Now it was all messed up.
Like his head.
He burped and passed out again.
**********Far away ...
"But I shagged *you*, Legolas!" -Gimli, much thinner now.
"I didn't shag you. I shagged Aragorn!" –Legolas
"I shagged Legolas! Don't look at me!" -Aragorn
"SHUT THE HELL UP! IT'S NOT ABOUT YOU!" -Everyone, to Aragorn.
wanders off to sulk and look sultry on the top of a nearby hill, giving off king vibes even if he wasn't one. yet.
"So ... you're telling me you shagged me at Rivendell?" -Legolas
"Yes."
"I *think* I would have *remembered* something like that.
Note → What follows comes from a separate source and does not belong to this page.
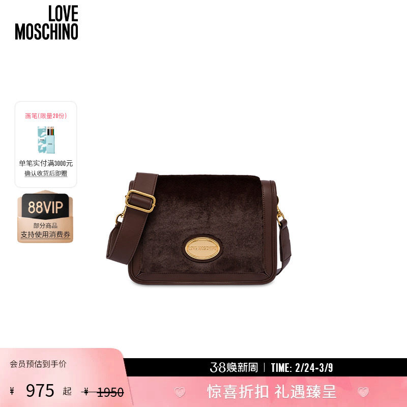 【礼物】Love Moschino女士人造皮草斜挎包LOGO标牌单肩包

Kissing you would be like sucking on a bottle brush!" -Legolas
"OOOooooOOOOOoo!" -Gimli getting red face even as he makes a note to get some bottle brushes. Fuck the Le Leche League!
**********Rivendell...
Skippity-doo-dahing in, Arwen stares at two gorgeous men sprawled on the floor. Noting her father has tied one on again, she looks at the other.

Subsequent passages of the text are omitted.